Startups coming to market with a new product are faced with significant challenges. Is their product too much like an existing product or is it so novel that potential customers don’t understand its value or are sceptical? Startups have to tread a very narrow path to success which is strewn with boulders that can discourage them or throw them off course.
As noted by Andrew Vasylyk in the Fast Company article link below, the probability of failure is very high but “if failure is the default outcome, you have nothing to fear. You’ll either become a success and pleasantly surprise everyone, or fail as expected.”
Vasylyk references the wealth of advice available to startups, advice which is often contradictory. The Goldilocks product seems to be one that is not too far ahead of the game but also not playing catch up. Timing can be a real boost to a product as in the case of zoom during the pandemic. A product can be successful if it is both highly innovative and a game changer like 3D printers. Equally a startup can achieve success if its product does the same job as existing products but does it better and cheaper, e.g. innovative currency exchange apps.

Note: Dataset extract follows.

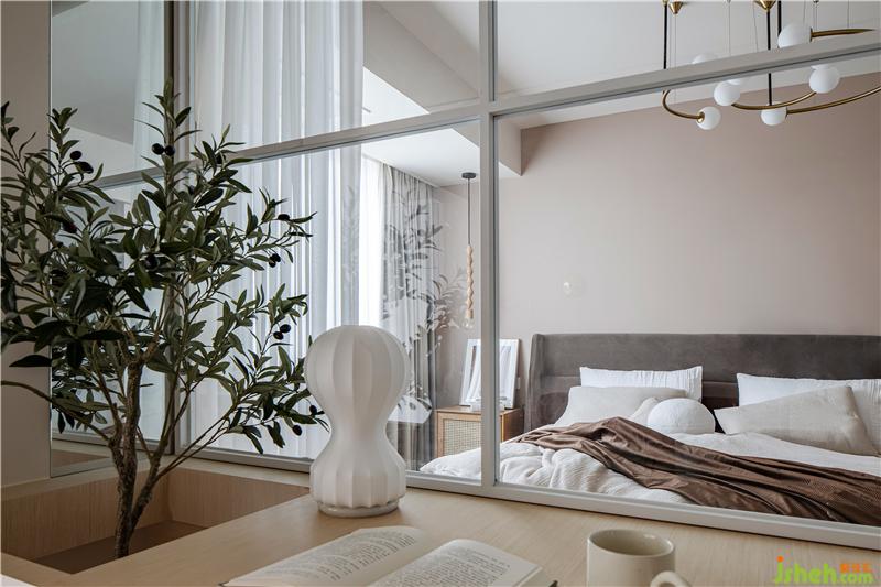 吧臺區(qū)看向客廳寫字臺和主臥。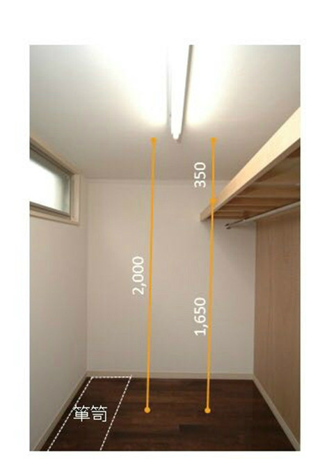 同樣的空間,也可采用一邊掛衣物一邊設(shè)置多屜柜(圖中簞笥的部分)的分類方式。

Vasylyk points out that while many startups fail, some become stronger after a failure and often have a better chance of success with subsequent products. In my over 20 years experience of working in startups we changed tack and product features many times but always with a consistent goal, in the case of our current product ‘Helping CEOs cut through the noise and get real-time business performance insights‘. It wasn’t until we put sensemaking front and centre of the current product that we were satisfied that the goal could be achieved.
In the aftermath of the pandemic, long established businesses in the hospitality and bricks and mortar retail sectors that manage to survive will have to start behaving like start ups. Surveying customers for their desires might be a good place to start but as Vasylyk points out “Customers are people and people can say weird things… What matters much more is what customers do, especially with their wallets“. The take away is that startups should readily take in as much advice as they can but quietly discard the advice that doesn’t make sense for their particular context.